The second technique exploits the different types of interference between CUs' adaptation to prune the tuning space of multiple CUs. In a multi-CU environment, the interference between two CUs exists when one CU's configuration changes alter another CUs' adaptation decisions. For instance, some CUs, such as L1D and L1I caches, rarely interfere with each other, so they can be adapted in parallel. Furthermore, for CUs such as issue queue and reorder buffer, one's size reduction usually prompts the other to keep the same configuration or use a smaller one for energy reduction with minimal extra performance loss. With those types of interference, the search of the CUs' best configuration usually biases towards certain paths, and the tuning space can be pruned by testing only configurations in those paths. Differing with CU decoupling, those tuning reduction strategies are also effective for CUs with similar adaptation costs. Employing the two techniques, the framework manage multiple configurable units efficiently and achieve high energy reduction.

To demonstrate the usefulness and effectiveness of our framework, the proposed hardware adaptation framework is implemented using Jikes Research Virtual Machine [5] and Dynamic Simplescalar simulator [38]. Performance is evaluated on the SPECjvm98 benchmark suite [88]. Five configurable units are implemented: issue queue, reorder buffer, L1 instruction and data caches, and L2 cache. Previous research indicates that those five components dominate the energy consumption of a microprocessor [27]. Hence, improving those CUs' adaptation should considerably reduce the overall microprocessor energy consumption.

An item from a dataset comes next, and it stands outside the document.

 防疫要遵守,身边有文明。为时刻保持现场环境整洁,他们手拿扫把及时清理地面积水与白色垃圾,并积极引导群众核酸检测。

Another contribution of the work is the comprehensive investigation of the major adaptation-interfering factors in a multi-CU system, and the findings are applied to the design of new tuning-reduction strategies. The ultimate goal of a resource adaptation scheme is to achieve the lowest energy consumption and the best possible performance. If energy is the primary constraint, some performance losses may have to be tolerated. Similarly, if performance is the absolute goal, one may have to tolerate high power and energy. Abiding by program requirements and the performance budget, CUs' configurations are adjusted via their tuning processes to achieve the maximum overall saving. Hence. in multi-CU environment, energy а program's runtime characteristics/requirements and the interference imposed by other CUs' adaptation are the two major factors that affect a CU's tuning decision. In this research, those two adaptation-interfering factors are investigated. Following are several findings.

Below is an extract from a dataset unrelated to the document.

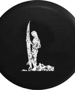 Distressed – Surfer Girl Overlooking Island Cliff Jeep Camper Spare Tire Cover T160 Custom Size

First, by qualitatively analyzing CUs' performance impact, two interference types between CUs are discovered: a) *positive*: one CU's size reduction relieves the performance pressure on the other one, and allows it to use the same or a smaller size; b) *negative*: one CU's size reduction increases the performance pressure on the other one, and prompts it to use a larger size. The interference between issue queue and reorder buffer are positive, which leads to the design of a tuning-reduction strategy for the two units.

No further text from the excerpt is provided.